Should civilians use it?
Yes, if you:
- Wear foundation and want a low-tech, fragrance-free primer alternative
- Have dry-to-normal skin that plays well with emollient creams
- Want a single cream that does five reasonable things adequately instead of one thing beautifully
Skip if you:
- Have oily-combination skin (this will feel heavy)
- Need targeted active treatment (it does not deliver)
- Are allergic to beeswax or soy
The French pharmacy context
Embryolisse was formulated by dermatologist Dr. Tiraspolsky at his private practice in Paris's 9th arrondissement. It was prescribed to patients with reactive skin, eczema, and post-procedure recovery.

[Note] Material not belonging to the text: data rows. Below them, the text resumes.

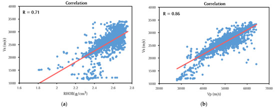 Representation of the correlation between inputs: (a) RHOB with R = 0.71 and (b) VP with R = 0.86 and target VS.
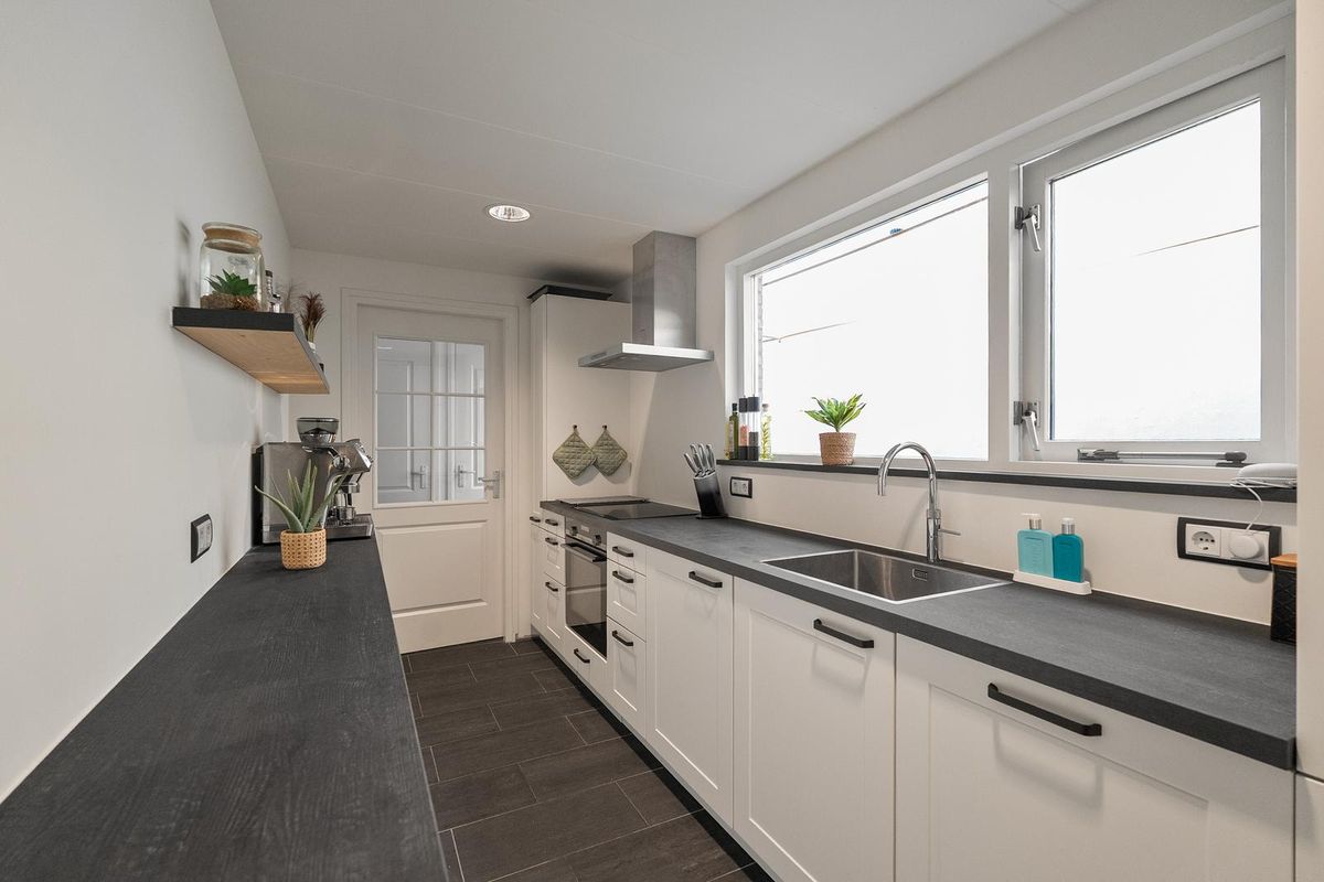 Auto vrije straat, hal met meterkast, heerlijke lichte en sfeervolle woonkamer met openslaande tuindeuren naar de achtertuin en ruime luxe keuken met veel kastruimte en een elektrische kookplaat, afzuigkap, oven, vaatwasser, koel/vriescombinatie en Quooker. Er is een aparte ruimte voor wasmachine en droger en modern toilet.
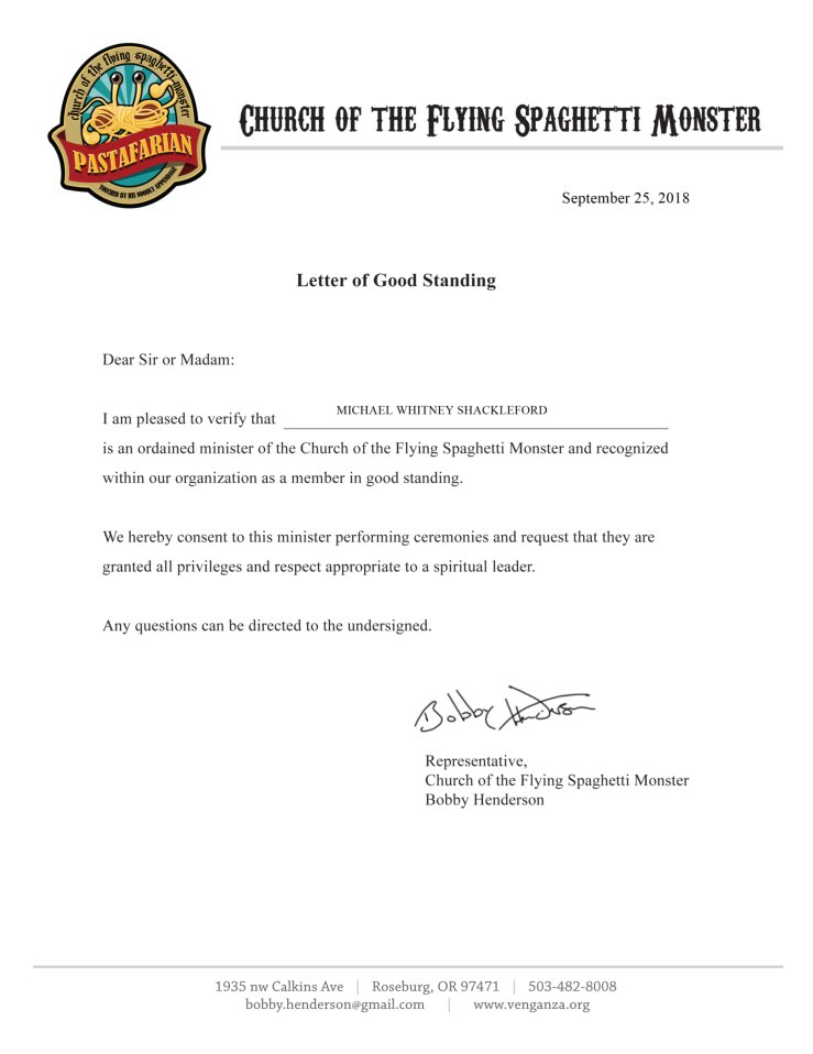 Letter Of Good Standing Church Of The Open Road Marry Your Friends
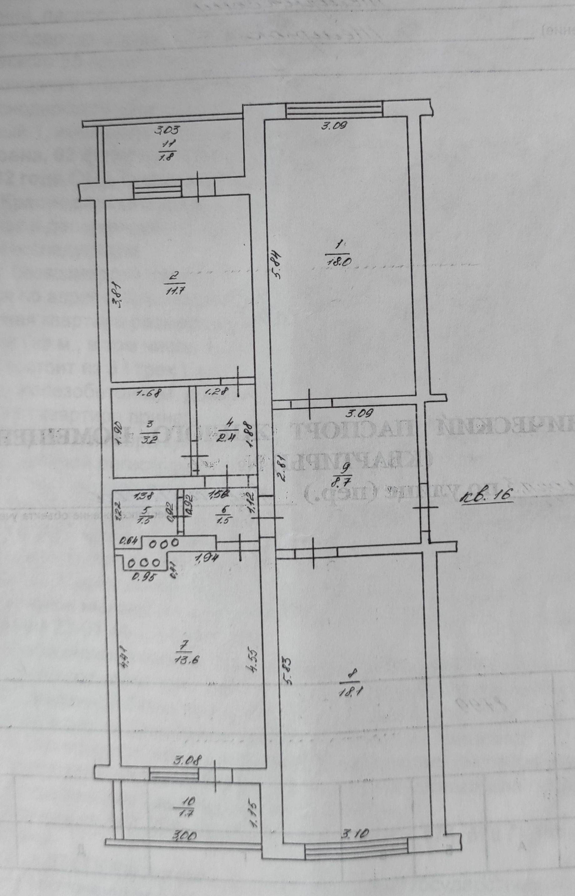 Жилая площадь 53.2 м2
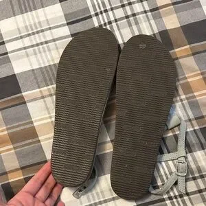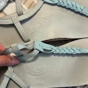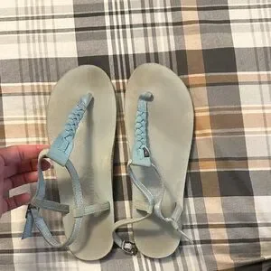 Stylish light blue sandals. Braided strap design. Comfortable and chic.
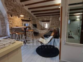 Right in the old town center of beautiful Rovinj, this apartment is for sale, which in nature represents two separate residential units. One is a studio of 16 m2 and the other is larger than 30m2. In addition to being apartments with warmth and soul, they are also in an excellent established tourist rental business. The apartments are located on the third floor of a neat authentic stone building with wide wooden stairs and a comfortable entrance. Each of them captivates with its own charm, every detail that completes the picture of rustic style. The smaller apartment is designed as a charming studio, a perfect little corner for two, with a practical kitchen, a modern bathroom and an intimate sleeping area that is discreetly separated from the rest of the space. The larger apartment offers a cozy and functional kitchen and living room filled with light, a separate bedroom and an elegant and modern bathroom. The entire apartment was completely renovated in 2018, with special care taken to preserve the authenticity of the Mediterranean style, rustic details, warm tones, carefully selected furniture that create a feeling of a cozy home. Both apartments are fully equipped with designer elements and are sold as is, equipped with four air conditioners, custom-made furniture by a famous Rovinj carpenter, oak doors and high-quality GROHE sanitary ware. New floors filled with soundproofing material have been installed, the roof has been renovated and Genware porcelain has been used, creating a combination of old Rovinj and contemporary design. Modern details such as anti-limescale filters and renovated installations (electricity and water, each residential unit has separate connections) have also been introduced.
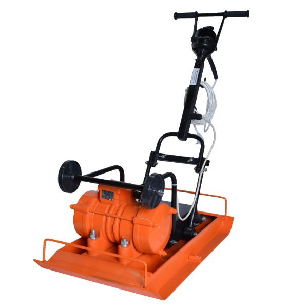 - Виброуплотнитель ВУ-11-75 представляет собой конструкцию из плиты, являющейся его рабочей частью, в центре которой установлен электромеханический вибратор общего назначения с круговыми колебаниями ИВ-98Е, который представляет собой трехфазный асинхронный электродвигатель с короткозамкнутым ротором с установленными на концах вала ротора дебалансами. Дебалансы, вращаясь с валом ротора, создают вынуждающую силу. К плите через специальные виброизоляторы прикреплена рама с рукояткой управления. На рукоятке установлен выключатель электропитания вибратора. Уплотнение происходит за счет вертикальной составляющей вынуждающей силы, возникающей в вибраторе. Поступательное движение виброуплотнителя происходит за счет горизонтальной составляющей вынуждающей силы.
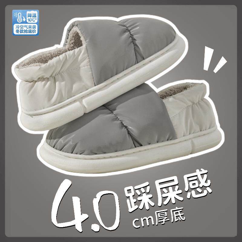 防水棉拖鞋女款秋冬季保暖室内家居防滑厚底加绒防寒包头棉鞋女士
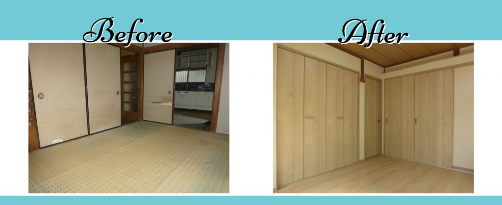 左のビフォアに新しい壁紙やフロア材を貼っても綺麗に仕上がります。
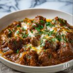 This French Onion Beef Casserole is a comforting and hearty dish featuring tender beef chuck roast slow-cooked with caramelized onions, garlic, and aromatic thyme in a rich beef broth. Topped with melted Gruyère and mozzarella cheeses, this casserole offers a savory and cheesy finish, perfect for a satisfying family meal or special occasion. The dish combines the classic flavors of French onion soup with tender braised beef and a cheesy baked topping.
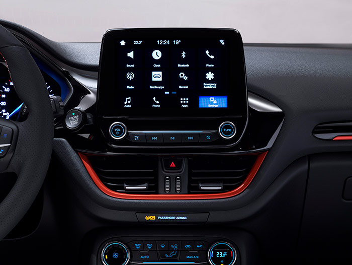 En el Nuevo Fiesta 2017, la pantalla adquiere un protagonismo que difumina todos los demás elementos que integran el salpicadero.
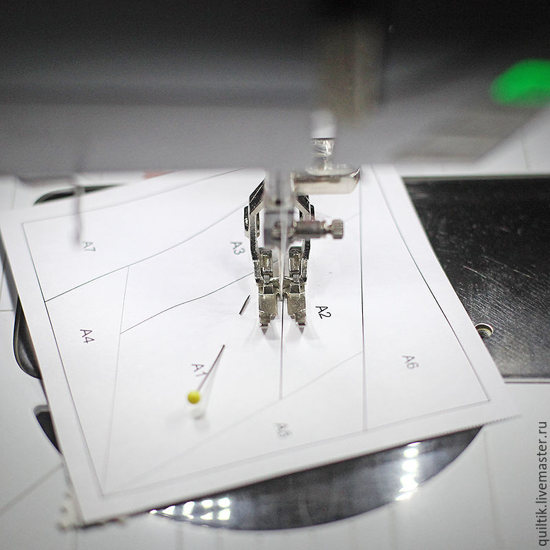 Два варианта. Первый. Ровно подрезать наши блоки, используя роликовый нож, снять бумагу и сшить блоки. Что предпочтительнее, потому что «ковырни» с бумагой будет меньше.

Makeup artists discovered it through film and theatre work — backstage, its gentleness made it the only thing that held up under repeated makeup application over long shoots.
Seven decades later, the formulation has not meaningfully changed, and its reputation has only compounded. This is the rare French pharmacy classic that earns its reputation in the way pharmacy classics should: consistent, cheap, and quietly essential.